[What is required] Among the entries below, copy only the span from the line containing "Compared with the" through the line containing "цвет чернёного серебра". Do so exactly, and skip the pictures.

[The records]
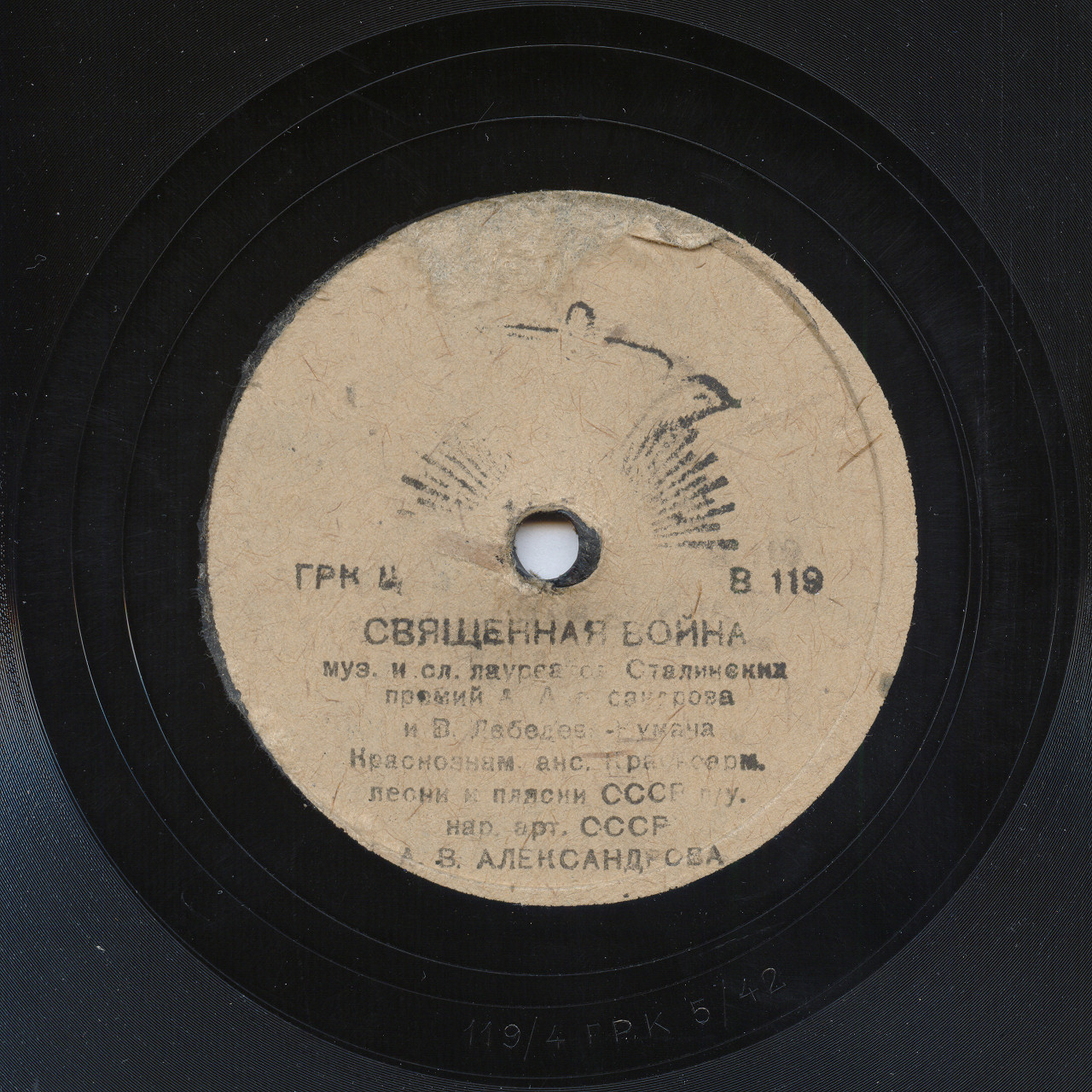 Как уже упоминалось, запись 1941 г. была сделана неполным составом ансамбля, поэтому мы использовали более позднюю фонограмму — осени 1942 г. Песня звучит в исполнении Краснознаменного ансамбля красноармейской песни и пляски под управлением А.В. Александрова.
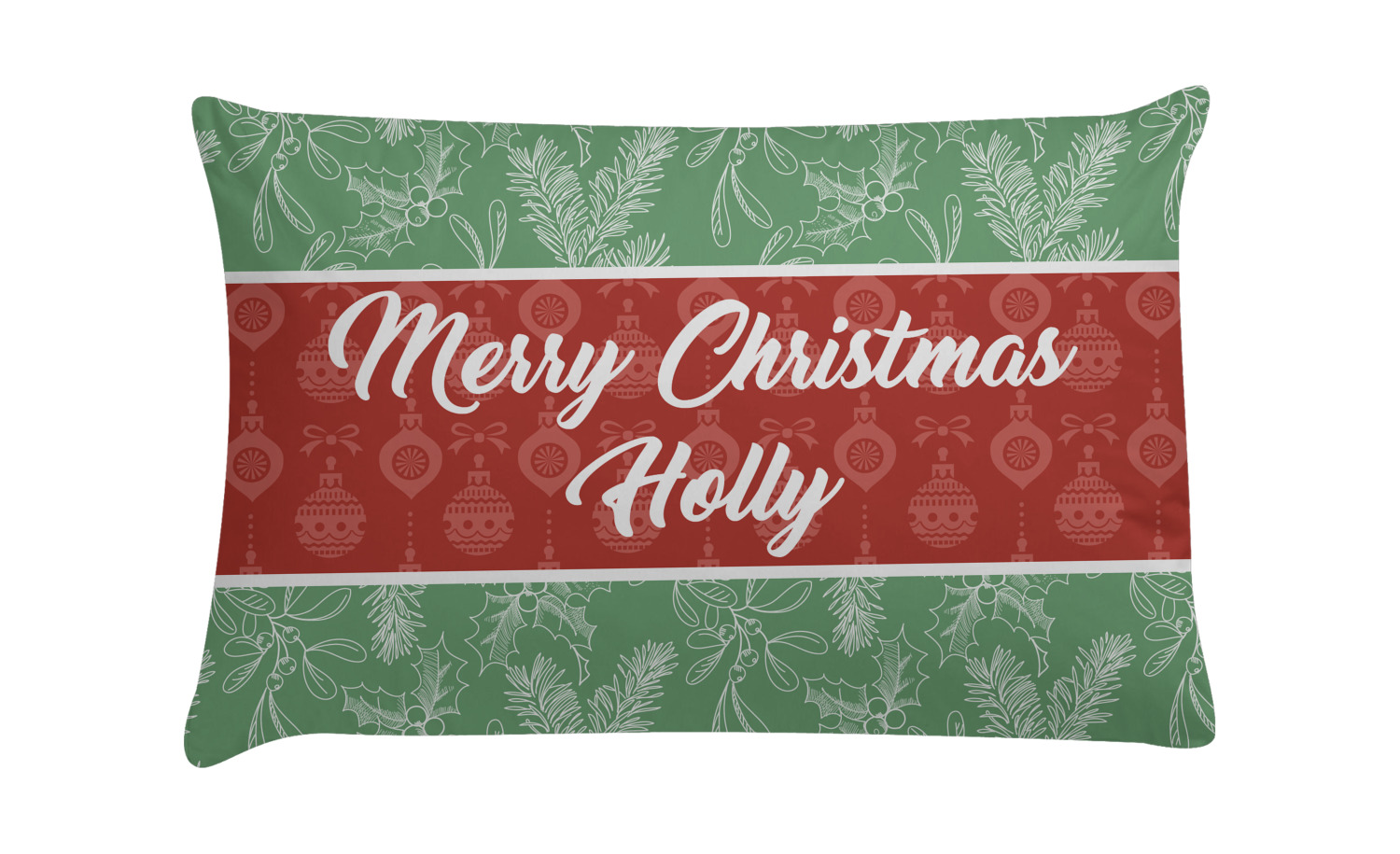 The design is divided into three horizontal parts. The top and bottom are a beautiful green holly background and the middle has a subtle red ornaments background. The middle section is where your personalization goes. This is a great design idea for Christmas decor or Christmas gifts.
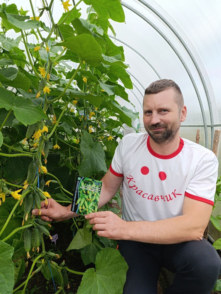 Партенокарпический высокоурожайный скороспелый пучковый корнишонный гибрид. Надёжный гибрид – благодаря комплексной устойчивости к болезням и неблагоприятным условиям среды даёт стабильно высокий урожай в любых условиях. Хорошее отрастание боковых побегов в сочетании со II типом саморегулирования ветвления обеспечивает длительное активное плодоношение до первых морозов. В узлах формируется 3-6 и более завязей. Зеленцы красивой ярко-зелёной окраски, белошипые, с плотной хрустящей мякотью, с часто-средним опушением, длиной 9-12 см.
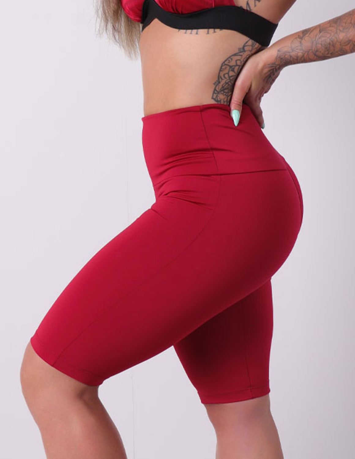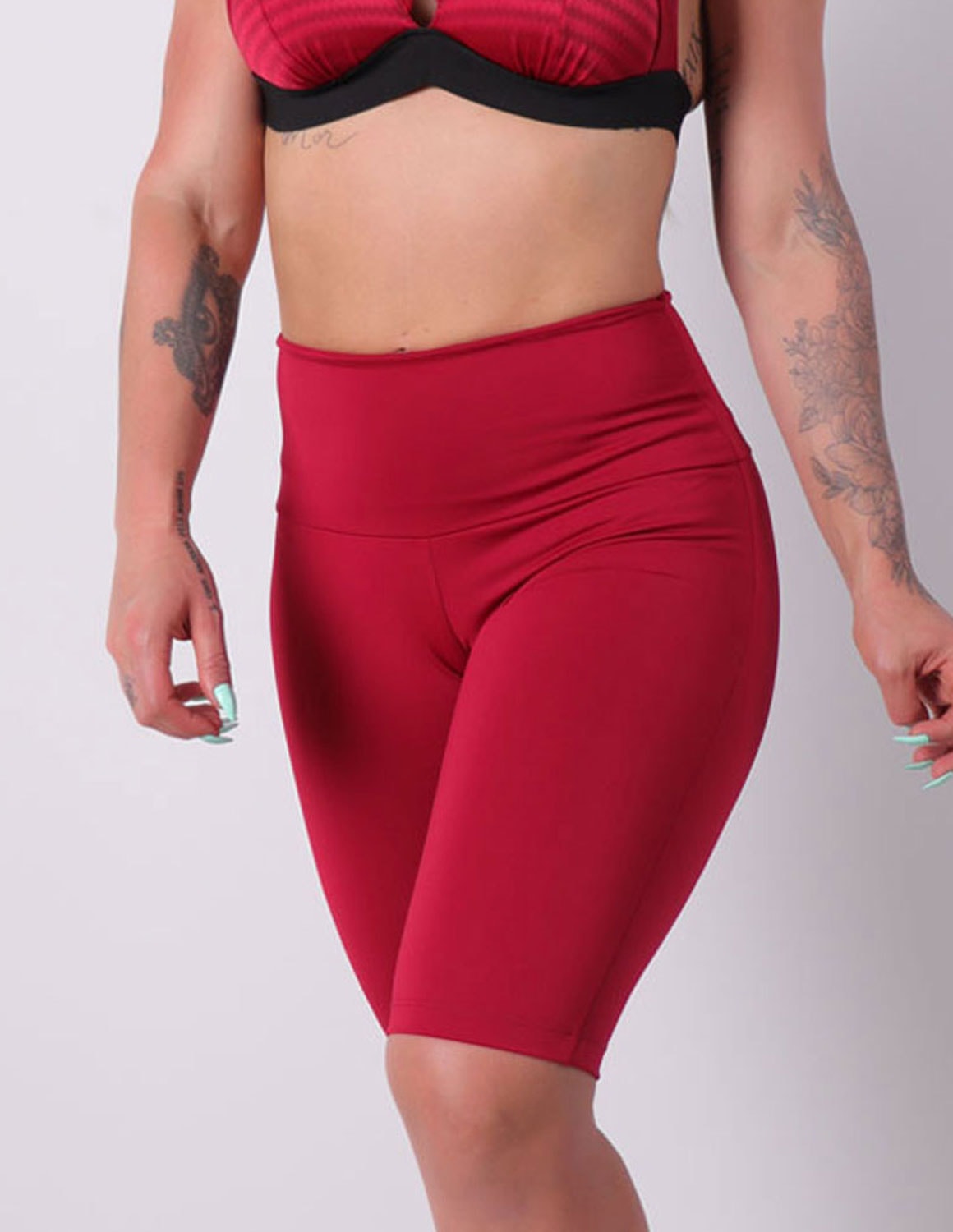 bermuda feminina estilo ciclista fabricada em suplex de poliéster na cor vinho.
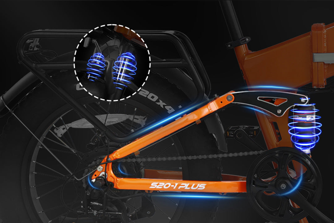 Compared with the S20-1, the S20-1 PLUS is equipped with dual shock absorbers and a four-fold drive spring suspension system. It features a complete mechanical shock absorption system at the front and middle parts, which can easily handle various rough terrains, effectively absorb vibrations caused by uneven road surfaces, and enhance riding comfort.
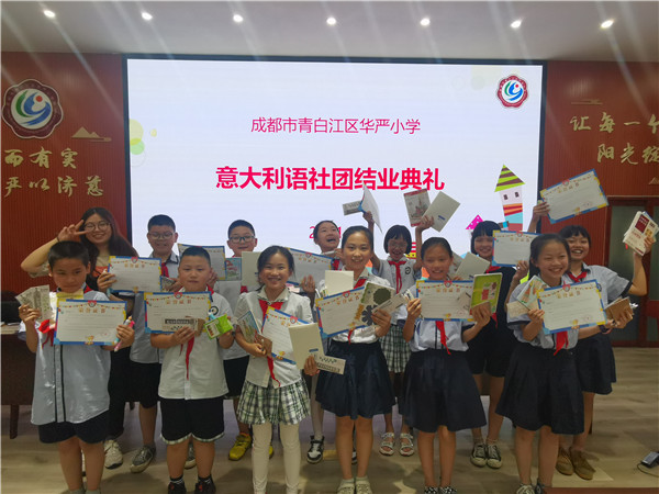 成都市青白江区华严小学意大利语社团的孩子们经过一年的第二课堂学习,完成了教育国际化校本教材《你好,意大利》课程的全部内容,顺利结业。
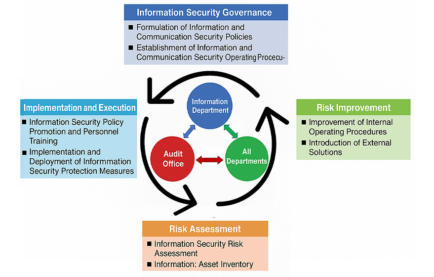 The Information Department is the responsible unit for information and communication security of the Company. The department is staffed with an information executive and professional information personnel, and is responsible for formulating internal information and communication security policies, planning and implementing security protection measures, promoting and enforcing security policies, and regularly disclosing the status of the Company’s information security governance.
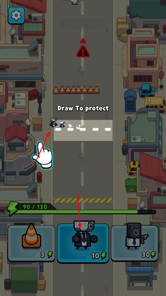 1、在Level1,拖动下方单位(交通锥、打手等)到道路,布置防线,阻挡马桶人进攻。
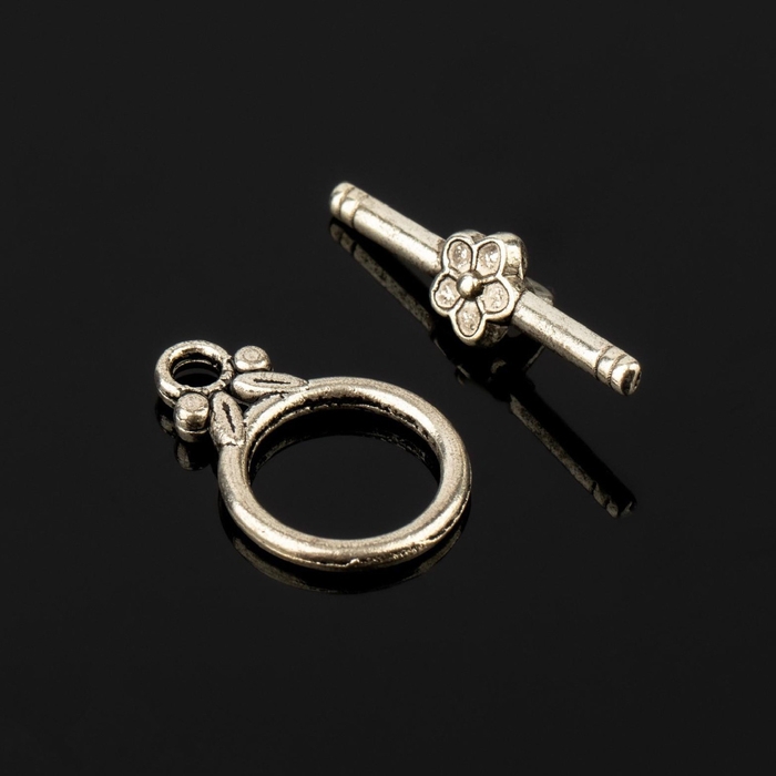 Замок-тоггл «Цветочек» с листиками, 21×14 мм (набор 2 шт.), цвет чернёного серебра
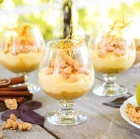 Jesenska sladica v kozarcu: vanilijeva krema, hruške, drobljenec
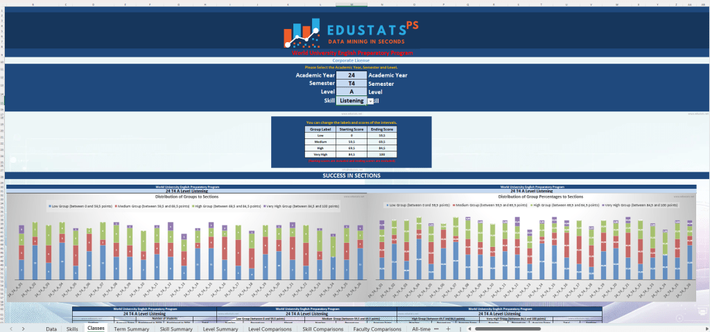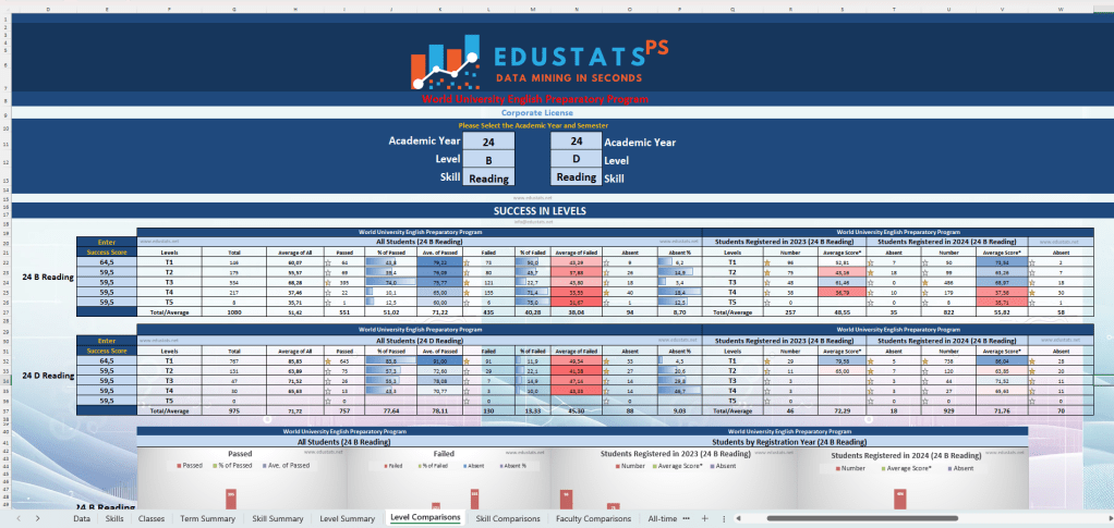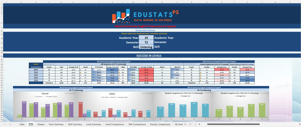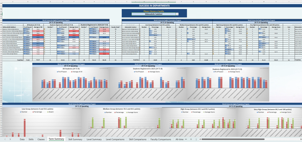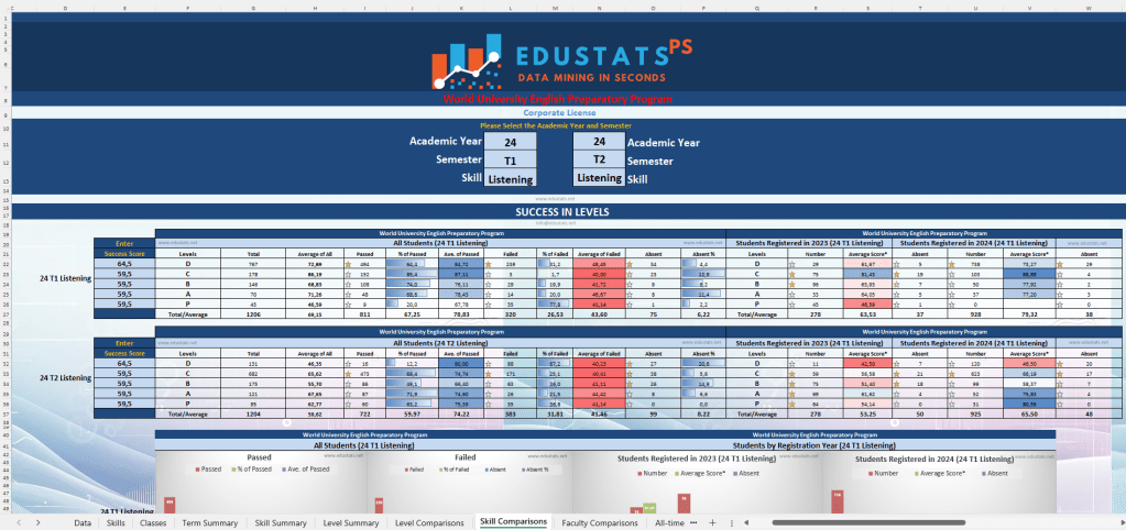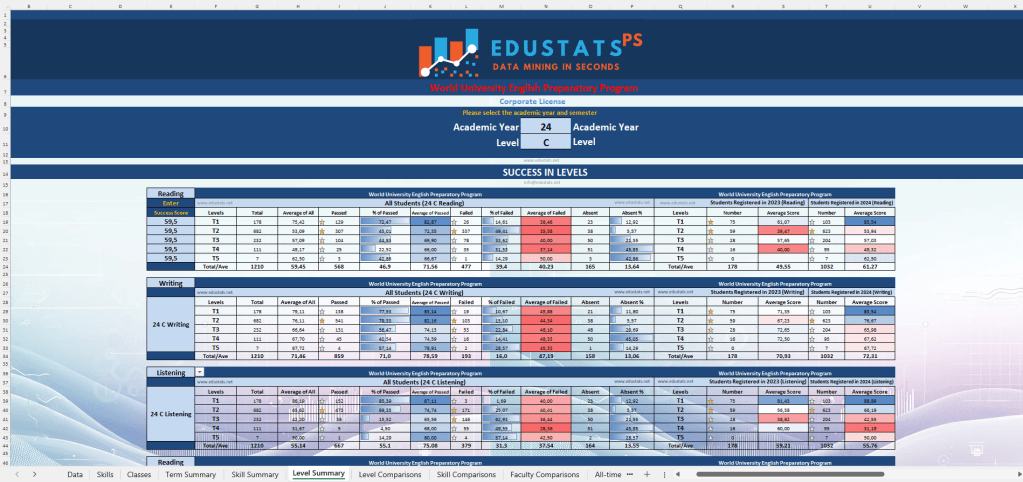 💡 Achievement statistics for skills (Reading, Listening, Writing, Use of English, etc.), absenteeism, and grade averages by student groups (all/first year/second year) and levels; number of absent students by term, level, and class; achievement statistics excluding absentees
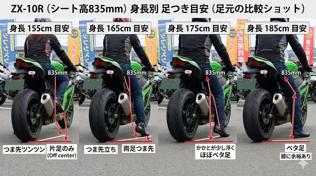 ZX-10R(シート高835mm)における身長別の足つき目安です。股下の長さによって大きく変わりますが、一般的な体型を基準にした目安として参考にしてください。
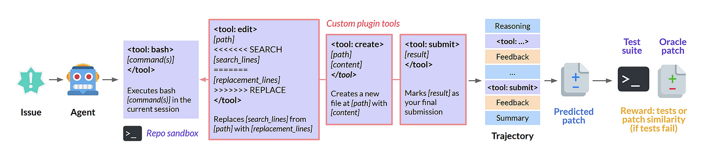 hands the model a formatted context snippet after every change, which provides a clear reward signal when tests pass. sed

[Answer to the exercise]
 Compared with the S20-1, the S20-1 PLUS is equipped with dual shock absorbers and a four-fold drive spring suspension system. It features a complete mechanical shock absorption system at the front and middle parts, which can easily handle various rough terrains, effectively absorb vibrations caused by uneven road surfaces, and enhance riding comfort.
 成都市青白江区华严小学意大利语社团的孩子们经过一年的第二课堂学习,完成了教育国际化校本教材《你好,意大利》课程的全部内容,顺利结业。
 The Information Department is the responsible unit for information and communication security of the Company. The department is staffed with an information executive and professional information personnel, and is responsible for formulating internal information and communication security policies, planning and implementing security protection measures, promoting and enforcing security policies, and regularly disclosing the status of the Company’s information security governance.
 1、在Level1,拖动下方单位(交通锥、打手等)到道路,布置防线,阻挡马桶人进攻。
 Замок-тоггл «Цветочек» с листиками, 21×14 мм (набор 2 шт.), цвет чернёного серебра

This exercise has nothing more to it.